Yura continued, “We are not kicking you out of Treehome. Or anywhere else, for that matter.”
“You are the sovereign of a nation of your own making, Archmage Flatt.” Bloodwoo said, “Therefore we are considering today as a diplomatic problem with a diplomatic solution. To us, you are the new ruler of all shadelings and you merely took your people back.”
“Oh… No...” The weight of Bloodwoo’s words came crashing down on Erick. He said, “That is untrue. I will not accept that designation.”
“Then we will say you are their jailer, for the truth is what we make of it, for we are a much larger nation than yours and all you have power over is a few thousand monsters. We have this prerogative, and this power, and so we will use it.” Bloodwoo said, “Please do not countermand us when we say that you took your people back today, while giving us the ones who sought to harm our nation. It will enable you to enjoy a higher level of political power going forward if we are to speak nicely of you.”

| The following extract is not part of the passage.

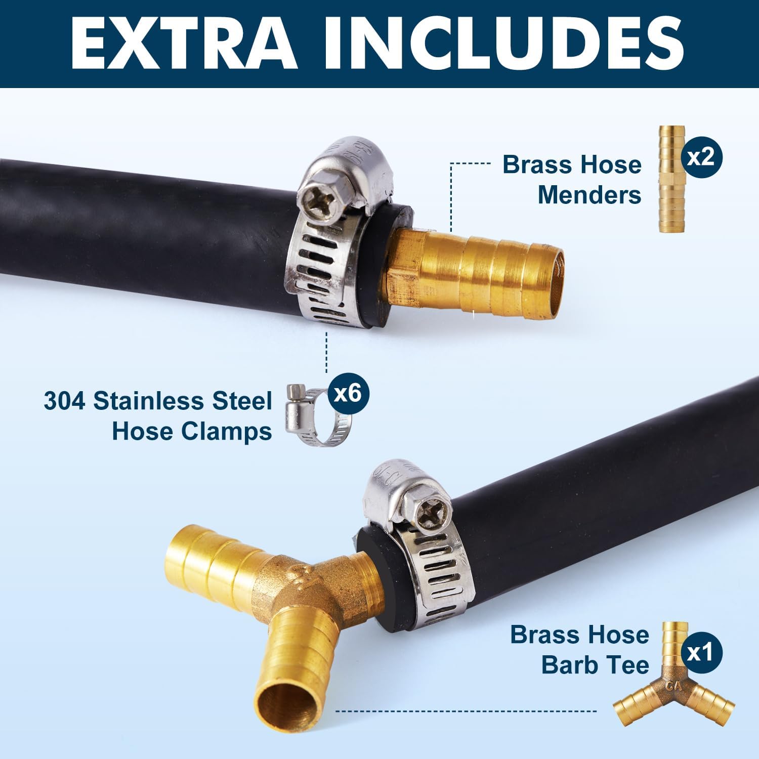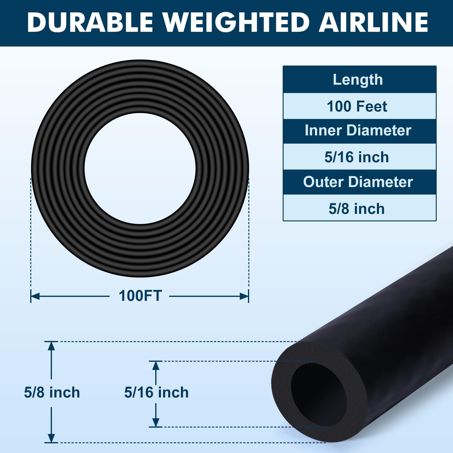 - 100ft, 5/16" ID, 5/8" OD self-sink rubber air hose One roll. 10 hose clamps, 1 tee brass barb fitting, 2 straight barb fittings included.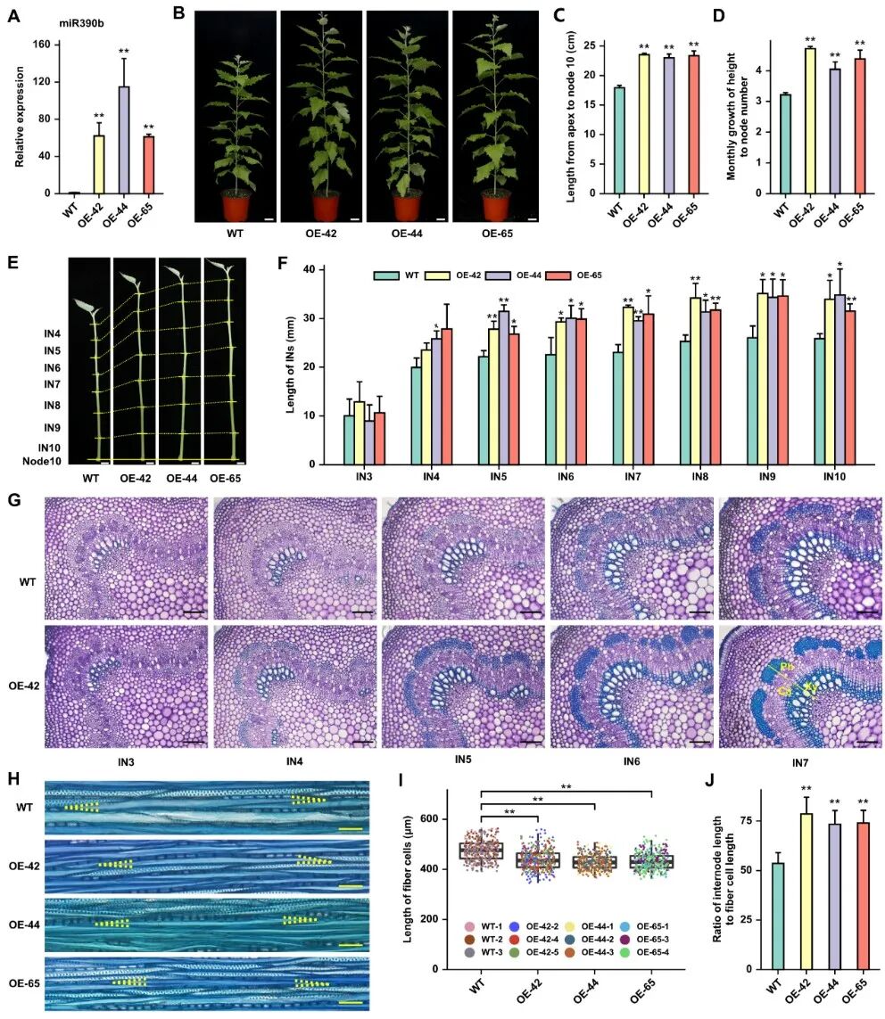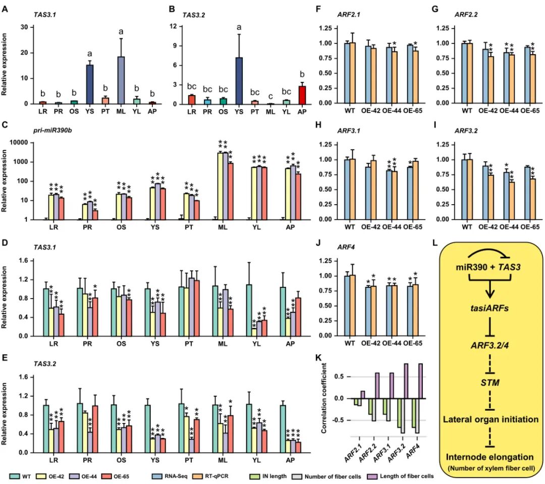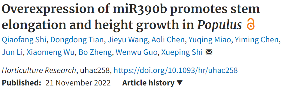 『点击免费订阅《园艺研究》电子刊』 杨树(Populus)是在世界范围内广泛种植的速生用材树种,也是城市绿化和生态建设中常见的优良树种,具有重要的经济价值和生态价值。然而,传统的杨树品种选育主要依靠杂交育种和多倍体育种,育种周期较长,严重制约了杨树新品种的创制。随着杨树遗传转化技术的不断完善以及杨属多个树种全基因组测序的完成,通过基因工程技术定向培育优质高产的杨树新品种,是加快我国林木良种化进程,解决木材需求,推动现代林业产业发展的重要手段和有效方法。 2022年11月,Horticulture Research在线发表了华中农业大学园艺林学学院植物维管生物学实验室题为 Overexpression of miR390b promotes stem elongation and height growth in Populus 杨树高的研究论文。这项工作发现miR390b可通过miR390-TAS3-ARFs模块调控杨树茎伸长和高生长,该研究为揭示树木高生长的调控机制提供了重要参考,也为树木遗传改良与丰产速生提供了理论依据。 图1 miR390b过表达促进杨树茎伸长 图2 miR390-TAS3-ARFs途径基因表达水平及ARF和生长数据相关性分析 该研究以杨树为材料,通过茎初生生长、次生生长转变和次生生长等不同发育阶段的小RNA测序分析,挖掘到多个可能参与调控杨树茎发育的microRNA候选基因,其中miR390在初生生长过程中具有较高表达。通过miR390b在杨树中的遗传转化发现,过表达miR390b使杨树茎节间长度、木质部纵向的纤维细胞数目和株高均显著增加;基因表达分析和烟草瞬时转化实验表明,TAS3.1与TAS3.2为miR390的靶基因,可被miR390直接剪切;miR390-TAS3通路下游基因ARF2.2、ARF3.2和ARF4均在miR390b过表达植株的茎尖组织中表达量下调,其中ARF3.2和ARF4表达量与过表达植株的木纤维细胞长度呈正相关,与木纤维细胞数量和节间长度呈负相关。该研究结果揭示了miR390b通过miR390-TAS3-ARFs模块调控杨树茎伸长和高生长,这在其它植物中鲜有报道。 华中农业大学园艺林学学院植物维管生物学课题组史巧芳博士为第一作者,施雪萍副教授为通讯作者。园艺植物生物学教育部重点实验室郑波教授、郭文武教授和伍小萌副教授参与了研究工作,李峰教授和杜克兵副教授分别为本研究馈赠了pMS4v2质粒和黑杨材料。本研究得到了国家自然科学基金(32171821、31770639)、神农架林区林业科学研究院科技计划项目(SAF202107)和中央高校基本科研业务费专项资金资助项目(2662022YLYJ009)的资助。

“Well that’s the oddest way anyone has ever asked to fuck me before,” Erick said, “But sure. Why not.”
“Be warned.” Peron said, “If you die or lose control of that city to the Cult then we will turn that land and all the monsters therein to ash and glass.”

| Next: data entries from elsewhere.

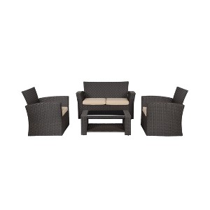 Product Name: WestinTrends 4-Piece Modern Patio Conversation Sofa Set with Cushions, Chocolate/Beige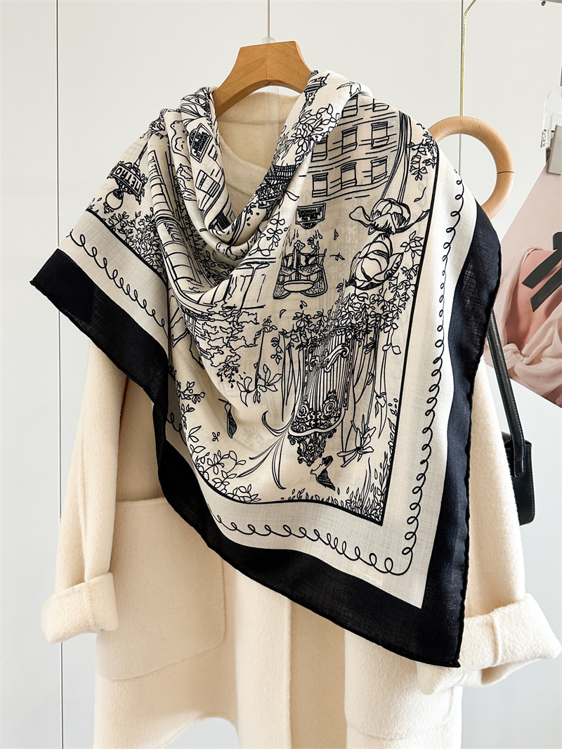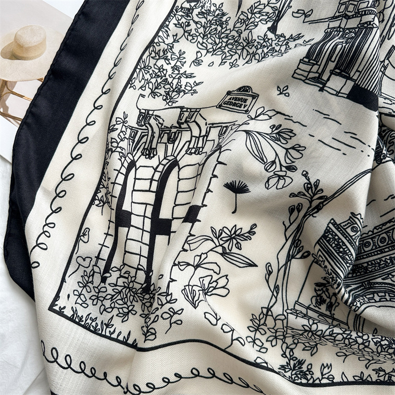 This Lady Silk Wool Big Square Bandana Shawl is our popular design. Sold very well. It is double side print with luxury design. Fashion Women like it very much.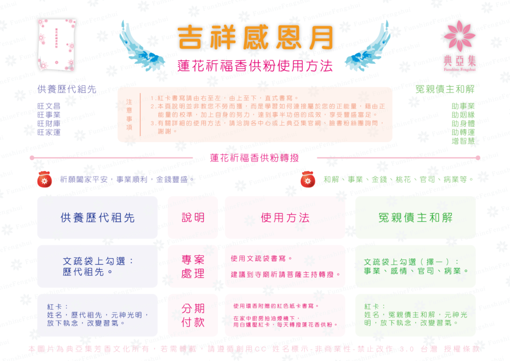無論是供養祖先、和解冤親債主、增旺文昌、消除病業、招財納福、幫助禪定、清淨陽宅、供奉土地公或地基主,都能透過祈福香供粉清淨轉化對應的能量頻率,為自己的好運增添助力!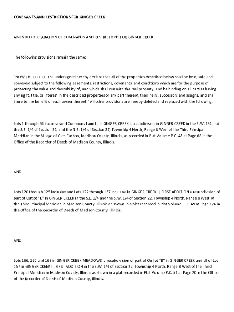 COVENANTS AND RESTRICTIONS FOR GINGER CREEKAMENDED DECLARATION OF COVENANTS AND RESTRICTIONS FOR GINGER Create following provisions remain the same:\” NOW THEREFORE, the undersigned hereby declare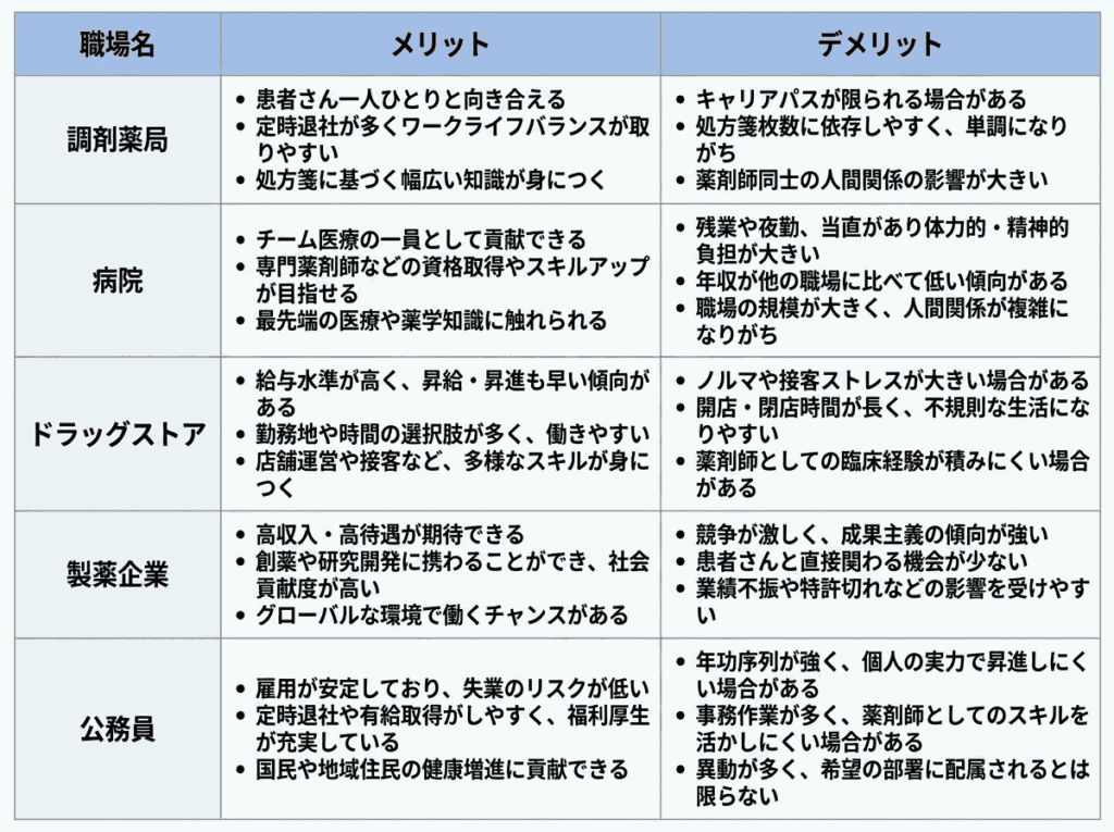 - デメリット: 門前専門の薬局では処方箋の種類が偏りやすく、経験の幅が狭まることがある/少人数職場では人間関係の逃げ場がない場合もある

Erick put on the best political facade that he could at that tense moment. He said, “Then I will be sure to neither die, nor to let a destructive Cult take over Candlepoint.”
Peron huffed.
Bloodwoo said, “Then, for now, we will be sure to paint you in a better light than we could have in both our official responses to our constituents regarding the day’s events, and in future dealings between our peoples and yourself. Do not make us regret this decision.”
For a little while now, Tenebrae had been smiling, ever so slightly.
And Erick couldn’t take it any longer. He asked, “Why are you smiling?”
“Because!” Archmage Tenebrae answered, “This is how my relationship with Treehome started, too. Though my fuckup wasn’t nearly as large as yours, there are a lot of similarities.”
Erick blinked a few times. He almost pursued that conversation, but then he did not.
Yura answered Erick’s unasked question, saying, “We like to keep the archmages who swing through Treehome as happy as possible, and with as large of a working relationship as possible. If our relationships sour, we attempt to fix them. If our relationships turn to poison, then we will kick you out, and then ban you from all interactions with Treehome. We prefer to never take the steps beyond that one, but we are a nation of millions, and archmages are never as defended as they think. We are a long way from those final steps, Archmage Flatt. I don’t want to see that day ever come, because you are ever so useful to us, and to the rest of the world.”
Peron frowned at no one in particular, but also directly at Erick.
Bloodwoo said, “Even if your murder of all the Shades is but another act of Melemizargo, we do not believe that you are his man—”
Peron interrupted him, saying, “They might not believe what I see before me; that you are, in Truth, the High Priest of Melemizargo. But they will see, in time. We will all see, soon enough.”
Bloodwoo continued, again, “Unlike the minority of my colleagues, we believe you are just a convenient tool for Melemizargo at the moment. But we also believe that you are a convenient tool of Koyabez and Phagar. A pull of deific proportions weighs upon your life, Archmage Flatt, as has happened for many archmages before you.”
Tenebrae smirked.
“Today, the casualties of your blood-soaked Worldly Path have been those who would call themselves the enemies of all.” With pointed words, Chieftain Bloodwoo-Nosier said, “Do what you can to ensure that this Fate of your Truth remains true tomorrow, and on the days which are yet to come.”
A chill wind blew.
Ah. So they knew of his Worldly Path? For how long?
Had Erick been wrong to try for a Worldly Path vacation?
With a dozen unasked questions weighing on his mind, and too many eyes staring at him, waiting, Erick spoke the only words that anyone on that platform wanted to hear, “I will.”